Annu Int Conf IEEE Eng Med Biol Soc. 2021 Nov;2021:2266-2269. doi: 10.1109/EMBC46164.2021.9630654.
Carotid artery disease is an inflammatory condition involving the deposition and accumulation of lipid species and leucocytes from blood into the arterial wall, which causes the narrowing of the carotid arteries on either side of the neck. Different imaging modalities can by implemented to determine the presence and the location of carotid artery stenosis, such as carotid ultrasound, computed tomography angiography (CTA), magnetic resonance angiography (MRA), or cerebral angiography. However, except of the presence and the degree of stenosis of the carotid arteries, the vulnerability of the carotid atherosclerotic plaques constitutes a significant factor for the progression of the disease and the presence of disease symptoms. In this study, our aim is to develop and present a machine learning model for the identification of high risk plaques using non imaging based features and non-invasive imaging based features. Firstly, we implemented statistical analysis to identify the most statistical significant features according to the defined output, and subsequently, we implemented different feature selection techniques and classification schemes for the development of our machine learning model. The overall methodology has been trained and tested using 208 cases of 107 cases of low risk plaques and 101 cases of high risk plaques. The highest accuracy of 0.76 was achieved using the relief feature selection technique and the support vector machine classification scheme.

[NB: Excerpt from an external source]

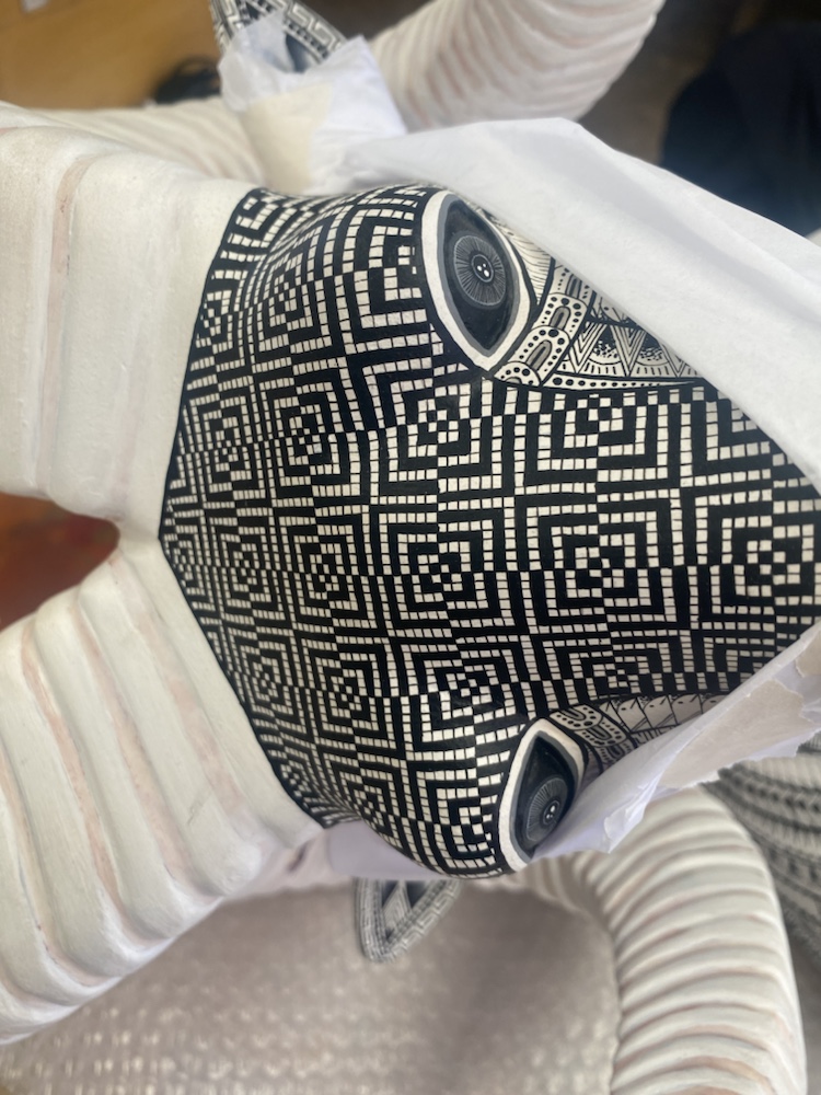 Nous sommes tombés amoureux de ces sculptures peintes de motifs fins, complexes et vifs. Certaines pièces sont de véritables œuvres d’art.

The innovative aspect of the proposed machine learning model is both the different categories of the utilized input features and the definition of the problem to be solved.

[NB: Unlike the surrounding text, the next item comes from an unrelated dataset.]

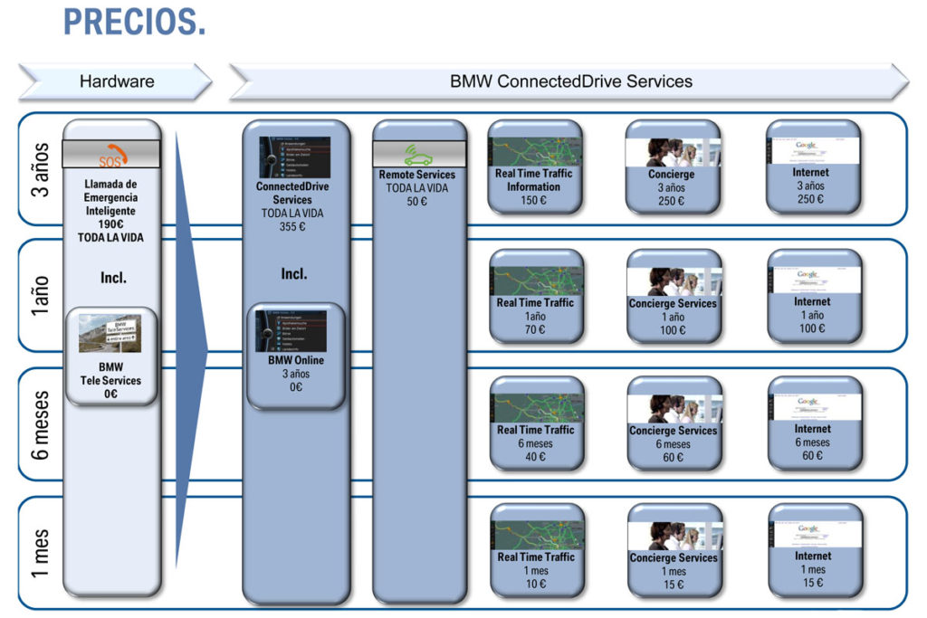 Teóricamente desde la Web de Mi BMW ConnectedDrive debería tener acceso a una tienda online desde la que podría contratar todos los servicios relacionados con este sistema.

颈动脉疾病是一种炎症性疾病,涉及脂质物质和血液中的白细胞在动脉壁中的沉积和积累,导致颈部两侧颈动脉变窄。可以采用不同的成像方式来确定颈动脉狭窄的存在和位置,例如颈动脉超声、计算机断层血管造影(CTA)、磁共振血管造影(MRA)或脑血管造影。然而,除了颈动脉狭窄的存在和程度外,颈动脉粥样硬化斑块的脆弱性也是疾病进展和症状存在的一个重要因素。在这项研究中,我们的目的是开发和提出一种使用基于非成像和基于非侵入性成像的特征来识别高危斑块的机器学习模型。首先,我们实施了统计分析,根据定义的输出来识别最具统计学意义的特征,随后,我们实施了不同的特征选择技术和分类方案来开发我们的机器学习模型。整个方法学使用了 208 个病例进行了训练和测试,其中 107 个为低危斑块,101 个为高危斑块。使用 Relief 特征选择技术和支持向量机分类方案实现了最高的准确性 0.76。所提出的机器学习模型的创新之处在于所使用的输入特征的不同类别和要解决的问题的定义。